ААЗ: Ну, неизвестно. Там в каждом слове три ошибки. Может быть, это не то слово? В чем тут дело? Может быть, это, короче говоря, действительно никуда не годная письменность, и лучше забыть? А даты замечательные совершенно. Уже было известно, что в этом смысле это мало с чем может конкурировать.
Костя Богатырев все бы это мог сделать, но он этого не делал. Ну, по нормальному студенческому такому отлагательству: завтра! Послезавтра! Послепослезавтра! Потом подошло время, когда уже было нужно курсовую сдавать, а он ее еще не начинал… Я уж не помню, каким образом какой-то зачет был все-таки ему поставлен, все это совершенно исчезло из памяти, но я в некотором раздражении, что так просто не получилось, взял все и сделал сам. И через некоторое время пришел к выводу, что там порядок есть.

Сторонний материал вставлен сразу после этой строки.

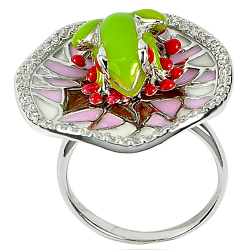 Grteen Frog Enamel. White CZ Round Size 1 x 1 Mm.
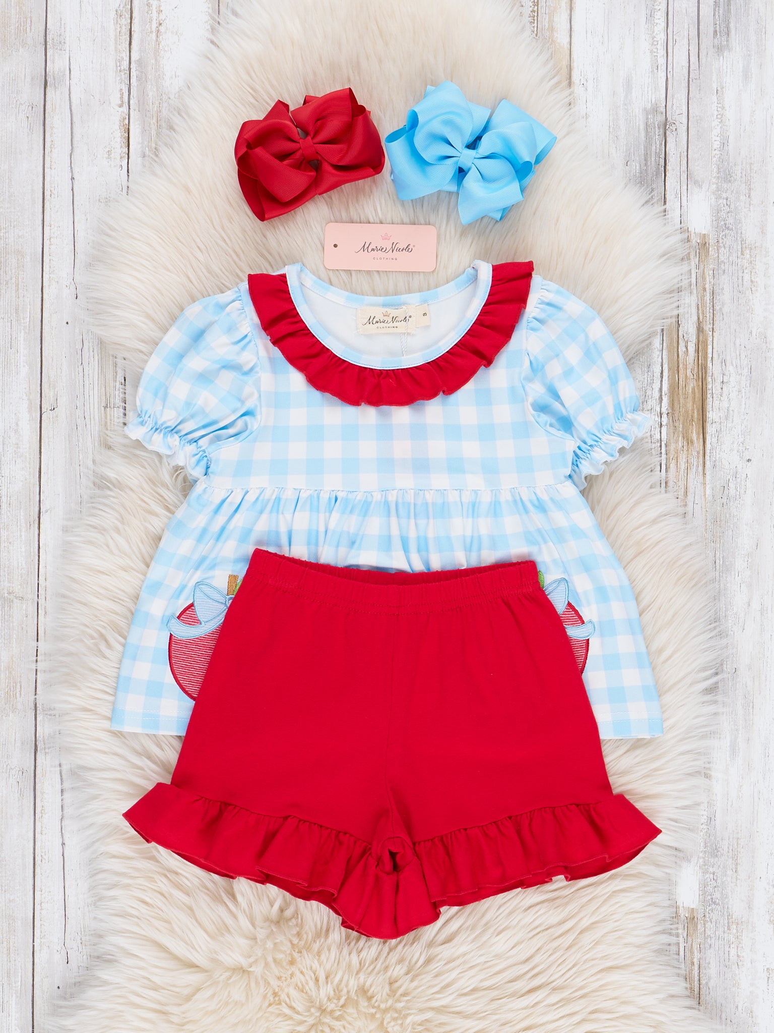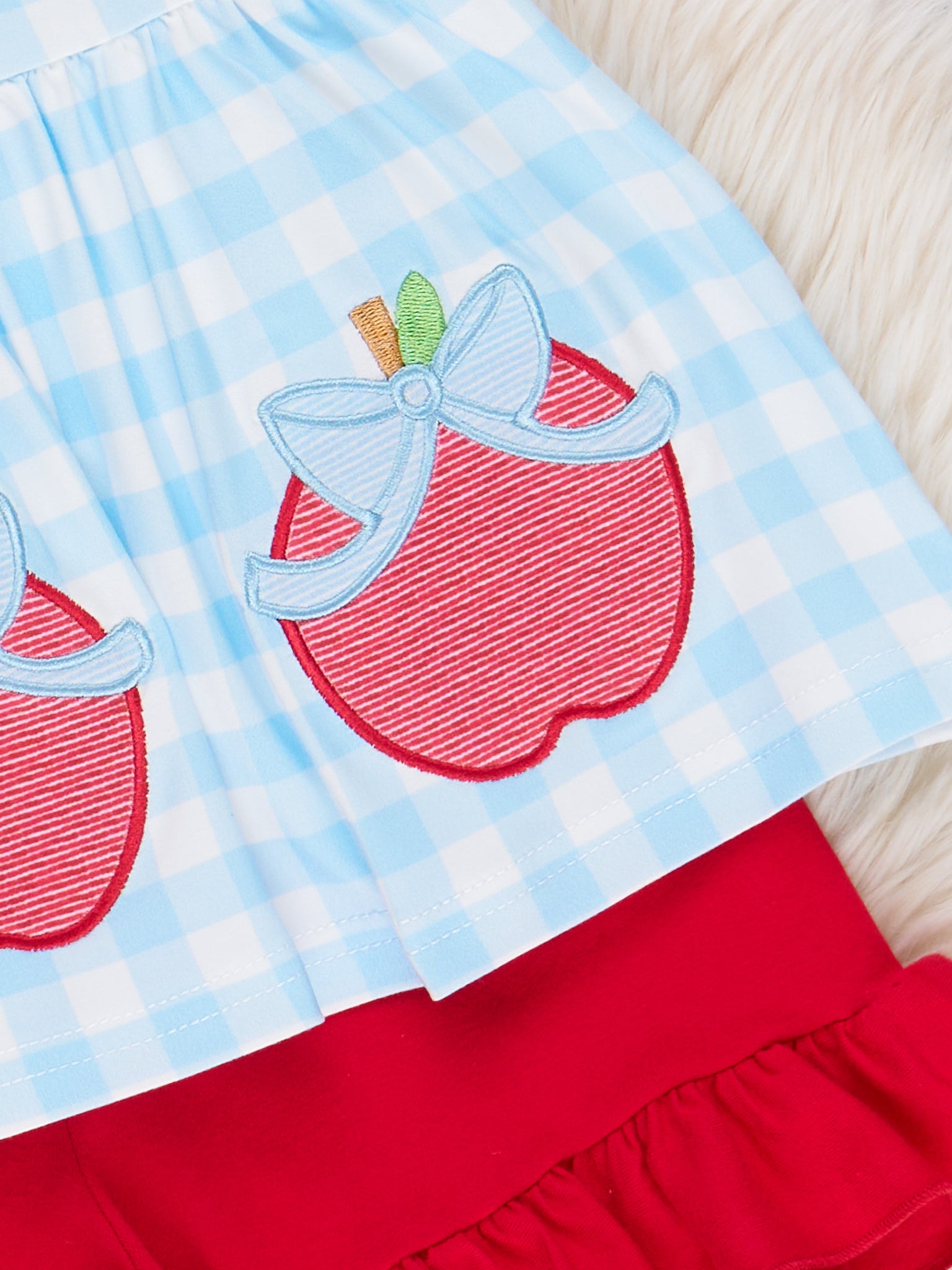 The Fresh Picked Apples Outfit is a classic and charming choice, perfect for school days, apple picking, and sweet fall moments. Featuring a delightful apple print and finished with soft ruffle accents, this outfit from Marie Nicole Clothing brings together timeless style and playful comfort. Lightweight and breathable, it’s made for twirls, smiles, and picture-perfect memories.

— Курсовая была, как сейчас помню, на четвертом курсе, — вспоминает Константин Богатырев. — Она была очень простая, просто список фонетических соответствий славянских языков. И я ее написал от руки на бумажке. Ну, это работа очень, конечно, любительская, прямо скажем: взять несколько словарей, оттуда выписать какие-нибудь слова, вроде того, что в русском будет «корова», а в чешском будет «крава». Кажется, правда, я учитывал акцентологические соответствия, по крайней мере, в наиболее очевидных случаях. Написал это от руки, поскольку было много букв, которые трудно было на машинке напечатать: там был то латинский шрифт, то русский — и Зализняку отнес. Я помню, мы говорили у него дома. Я, естественно, трепетал, но он, в общем, как всегда был, я бы сказал, слишком доброжелателен. Он мне сказал: «Да, это интересно, я не все это знал». И даже сказал: «Я, может быть, даже этим воспользуюсь в качестве такой памятки для самого себя», — хотя подозреваю, что все эти очевидные соответствия он уже знал наизусть. Но очень деликатно сделал мне замечание за почерк. Он сказал, что вообще, честно говоря, читать… он не сказал «твою писанину» — он сказал, что «читать иногда трудно этот рукописный текст». Ну, он же не мог просто так сделать замечание студенту. Он тут же сделал комментарий к какой-то детали, которую я начисто забыл, — кажется, это было написание буквы „z“ латинской — что я ее как-то очень странно писал, и он что-то очень интересное комментировал по поводу истории написания этой буквы.
— А потом Зализняк меня привлек, чтобы я собирал для него материал, — продолжает Константин Богатырев. — Он издал книгу, которая называется «От праславянской акцентуации к русской» [89]. Все это было основано на обработке огромного количества восточнославянских рукописей, в том числе с помощью его студентов. В Ленинской библиотеке получали какой-нибудь средневековый рукописный текст и выписывали оттуда формы с ударениями, и с буквой «о» в виде омеги, и так далее, как-то это систематизировали и передавали ему. Некоторые студенты сделали очень хорошие работы. Лена Тугай сделала лучшую, которая не опубликована, я сделал неплохую, но намного-намного более скромную по объему. Студенты ему, естественно, охотно помогали, я не помню, какой процент работы, какой процент текстов, с которыми он имел дело, занимаясь акцентологией, был обработан студентами и какой процент сделал он сам. Думаю, что все-таки большую часть сделал он сам. Но люди, которым он доверял, ему помогали.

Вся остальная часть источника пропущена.